Data Insights

Bring Your Own Infra

Davin Chia
April 13, 2023
10 min read

Businesses face increasing regulatory compliance challenges in today’s data driven world. Traditional SaaS solutions - which require relinquishing data control  - often fall short. How is a business to tackle these challenges without being blogged down by complexity? 

Enter: Airbyte’s Bring Your Own Infrastructure (BYOI)!

The Need for Data Control and Compliance

Let’s set the stage: As a business owner, what is data control and compliance and why does it matter?

We’ll motivate this with a fictional example,

Imagine an e-commerce company called "GlobaMart". GlobaMart recently became the top-selling American online grocery chain, growing 500% YOY for the last five years. Riding on this wave of success, GlobaMart’s CEO decides to expand globally and begins selling products to customers around the world.

As GlobaMart expanded, they continued to collect and process customer data in the same way they did in the United States, without accounting for different data protection regulations in other countries. Why change something that’s working? The expansion was a success and growth continued skyrocketing!

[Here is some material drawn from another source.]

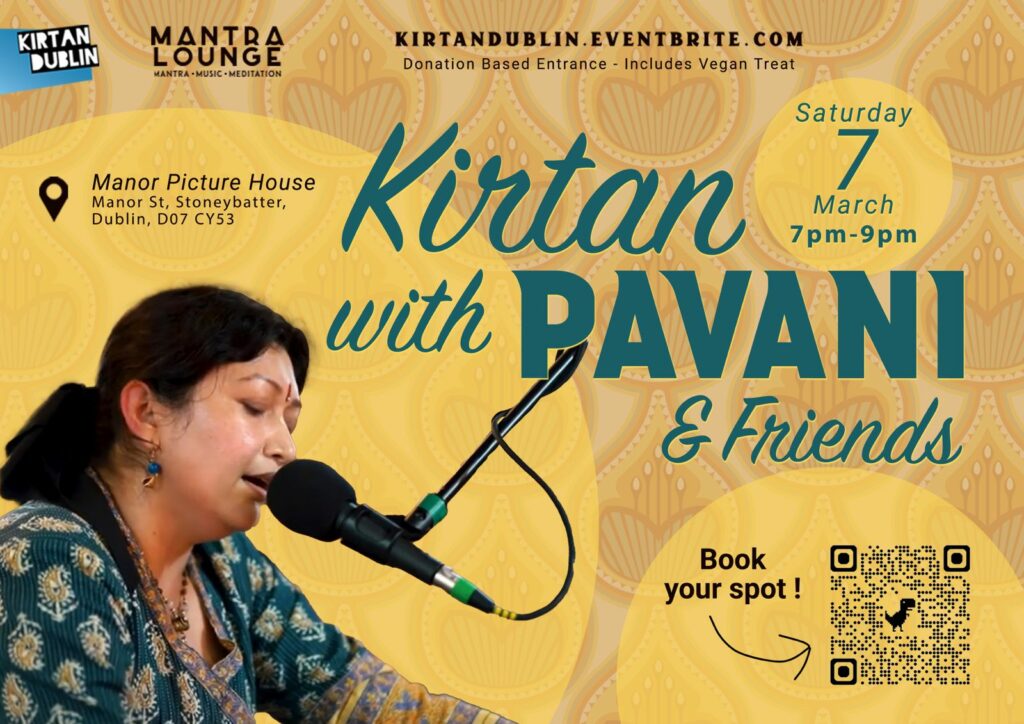 We’re delighted to welcome you to this month’s kirtan gathering, led by Pavani from Wicklow and few of her friends will be joining us too.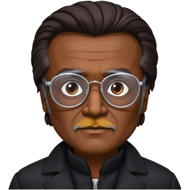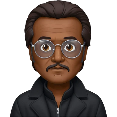 rapariga, olhos verdes escuros, rosto retangular, cabelos muito compridos aos caracóis, com óculos emoji

One day, one of GlobaMart’s international customers filed a complaint with the local data protection authority, claiming that their personal data had been mishandled by the company. The company was investigated and found to be in violation of several data protection laws, resulting in a large fine and a damaged reputation.

GlobaMart's reputation suffered even further when news of the data breach spread to other countries. Customers in those countries began to lose trust in the company and stopped doing business with them. The company's stock price also took a hit.. you get the idea!

Although this example is exaggerated, the repercussions of not complying with data protection laws are very real. Legal journals are filled with expensive examples, such as British Airways and Marriott’s respective 183 million and 99 million GDPR fines.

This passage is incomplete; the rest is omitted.